- **DIRECTIONS**
Each line below from the "日常服务:提供每日带练带背、" line through the "Soft white towels" line, those two included, must be restated word for word; the pictures must not be.

- **SOURCE DATA**

#####

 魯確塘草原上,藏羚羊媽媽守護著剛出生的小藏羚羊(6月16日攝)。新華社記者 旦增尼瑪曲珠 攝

#####

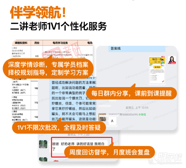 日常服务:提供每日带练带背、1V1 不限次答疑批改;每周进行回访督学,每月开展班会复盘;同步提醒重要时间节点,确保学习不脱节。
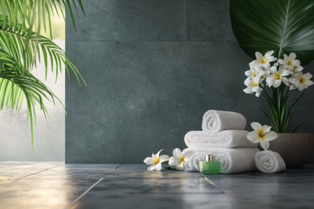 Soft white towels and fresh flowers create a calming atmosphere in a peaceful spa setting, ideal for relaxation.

#####

- **SOLUTION TO THIS TASK**
 日常服务:提供每日带练带背、1V1 不限次答疑批改;每周进行回访督学,每月开展班会复盘;同步提醒重要时间节点,确保学习不脱节。
 Soft white towels and fresh flowers create a calming atmosphere in a peaceful spa setting, ideal for relaxation.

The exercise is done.